Teasing the audience, staring up at the chandelier-strewn ceiling, Dempsey introduced the next song “well this is a Something For Kate song” to huge cheers from the audience. “You don’t know which one it is yet, might be the one you’re always pressing skip on!” he exclaimed, one audience member screaming back “we don’t care!” as the statuesque solo frontman strummed the open bars to lead single from 2003 record The Official Fiction – Déjà Vu – the crowd becoming their most vocal of the night so far with me finding myself belting out each word to the song I hadn’t made an active effort to listen to in years.
That treat was followed by another, a cover of David Bowie’s Ashes To Ashes, a song Something For Kate had covered previously, following the band opening for the British legend on the Australian leg of his final tour and a song Dempsey will, no doubt, sing live at next month’s Sydney celebration of what would have been Bowie’s 70th birthday at the city’s famous Opera House venue, backed by the Starman’s own band.
Another treat was in store for Something For Kate fans next with an airing of the group’s last album Leave Your Soul to Science’s opening number Star-Crossed Citizens.

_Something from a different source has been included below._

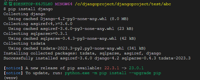 위 명령어를 입력하면 자동적으로 장고를 설치한다

The main set was closed out with Strange Loop cuts Hey History (Don’t Go Changin’) and Idiot Oracle before the 40-year-old departed the stage for the briefest of moments, returning quickly and suggesting a fictional music union would fine him for such a rebellious act, justifying it: “It’s Wednesday, I’m sure you’ve all got things to do tomorrow” before seguing to the next number: “there are not going to be many times in your life where you will get to impersonate a synthesizer” he said curiously. “I’m not going to say any more about it, you’re just going to know” he continued before breaking into a cover of Queen hit I Want to Break Free, as appeared on his 2013 solo covers record Shotgun Karaoke, the crowd immediately singing along and knowing exactly where to interject with Brian May’s synth-sounding guitar solo.
Everything Is True tracks Theme from Nice Guy and Bird in a Basement closed out what was a tremendously fun night at the former Edwardian dance hall in the rare company of Paul Dempsey.
There’s something to be said for a solo artist who appears on stage without any gimmicks, backing musicians, changing lighting or even more than a single guitar – which he re-tuned himself between songs – and can captivate a room with both their presence and music. But Dempsey had his West London audience eating out of the palm of his hand from the outset with longing looks from the crowd only intensifying as the night went on.
While Paul Dempsey fans might not have long to wait until he returns to London, news of a Something For Kate tour this side of the globe would make many fans’ decade for sure, this writer and photographer included! Paul Dempsey returns to Australia for a celebration of David Bowie at the Sydney Opera House in January but promised to be back in London in 2017.
Live review of Paul Dempsey @ Bush Hall by Kalpesh Patel on 7th December 2016.